Prevailing Party, Section 1717: Plaintiff Prevails On Breach Of Contract Claims, But Is Denied Entire Attorney’s Fees Request Of $1.38 Million Due To Lack Of Attorney’s Fees Provision In Contract Under Which It Sued

Plaintiff Was Unable To Demonstrate That Later Contract With Fees Provisions Was Applicable To Earlier Contract Under Which It Sued.

        Applied General Agency, Inc. v. Chinese Community Health Plan, Case No. G055669 (4th Dist., Div. 3 February 27, 2019) (unpublished) involved a Plaintiff insurance agency and a Defendant/Cross-Complainant insurance provider who each sued each other for breach of contract claims arising out of two separate contracts between the parties – a single-page 2002 contract which did not provide for attorney’s fees, and a 13-page 2013 contract which allowed for recovery of attorney’s fees in certain circumstances.

        Plaintiff sued for breach of contract under the 2002 contract for failure to pay commissions required under the contract. It prevailed at trial, with the jury awarding $265,168.00 of Plaintiff’s $1.3 million requested damages.

        Defendant/Cross-Complainant sued under the 2013 contract asserting causes of action against Plaintiff and its broker for quasi-contract and breach of contract for accepting commission payments without first meeting certain commission payment prerequisites contained in the 2013 contract. On the claim for quasi-contract and restitution, the jury found in favor of Plaintiff and its broker. On the claim for breach of contract, the jury found against Plaintiff but in favor of Plaintiff’s broker. Although prevailing in its breach of contract claim against Plaintiff, Defendant/Cross-Complainant was awarded nothing by the jury.

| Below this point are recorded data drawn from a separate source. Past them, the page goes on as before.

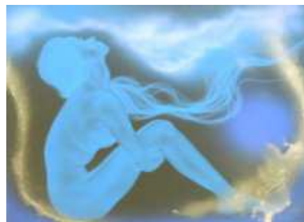
Femme assise" d' Huard

Remarque : ce soin est un instant de douceur que vous vous offrez, pas une bataille pour appuyer là où cela fait mal !! Soyez bienveillants avec vous-même considérez ceux qui vous portent, sans jamais défaillir, avec amour et reconnaissance.
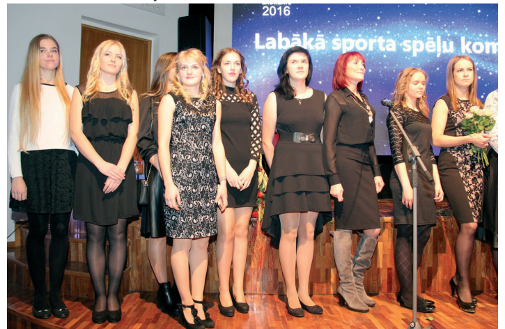
Sieviešu florbola komanda "Irlava/Tukums" – labākā sporta spēļu komanda
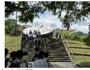
宿泊学習(西脇市テラドーム)
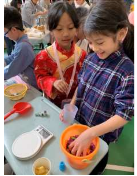
同學們正在購買年貨，找換正確的貨幣；同學們又透過估算，估計糖果的重量。
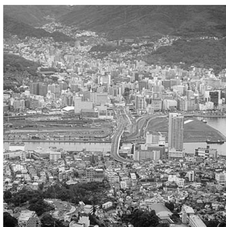
長崎駅周辺(MICE施設予定地)
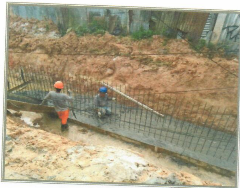
VISTA FOTOGRÁFICA N° 03 – VACEADO DE LOSA FONDO DE CANAL PSJ LAGUNAS
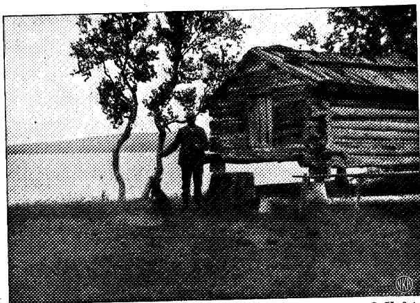
Fra Gommolien ved Skjækerlandet.

Side av Grænsen. I mange Aar har han boet ved Skjæker- vandet og ernæret sig som Jægersmand. Engang var han ogsaa gift, men lunefuld og mistroisk som han var, kunde Konen ikke holde ut med ham deroppe i Ødemarken, og reiste hjem til Imsdalen hvor hun var fra. Efter den Tid flyttet han Pladsen Gommolien ned til Vandet. Før laa den et Stykke ovenfor, som man vil se paa Rektangel- kartet.

        Following trial, Plaintiff and its broker filed a motion for attorney fees of about $1.38 million. They relied on certain indemnification and arbitration provisions in the 2013 contract to support their request. Disagreeing with their position, the trial court denied their request – explaining that the indemnity provisions on which they relied applied only to third party claims, and that Plaintiff was not the prevailing party on the cross-complaint as the jury had found in favor of Defendant/Cross-Complainant even though awarding no damages.

        On appeal, the 4/3 DCA disagreed with the trial court’s assessment of the indemnity provisions – finding them broadly worded enough to encompass the direct litigation between the parties. This finding, however, did not assist Plaintiff and its broker because the 4/3 DCA also found the indemnity provisions in the 2013 contract did not apply to the 2002 contract under which Plaintiff sued. The two contracts had been executed nearly 12 years apart, the 2013 contract covered topics not addressed in the 2002 contract, and the 2013 contract made no reference to the 2002 contract – meaning there was no clear and unequivocal reference that the parties meant for the 2002 contract to be incorporated into the 2013 contract. Therefore, no basis was provided for applying Civil Code section 1717 in this matter, or for reversing the trial court’s order.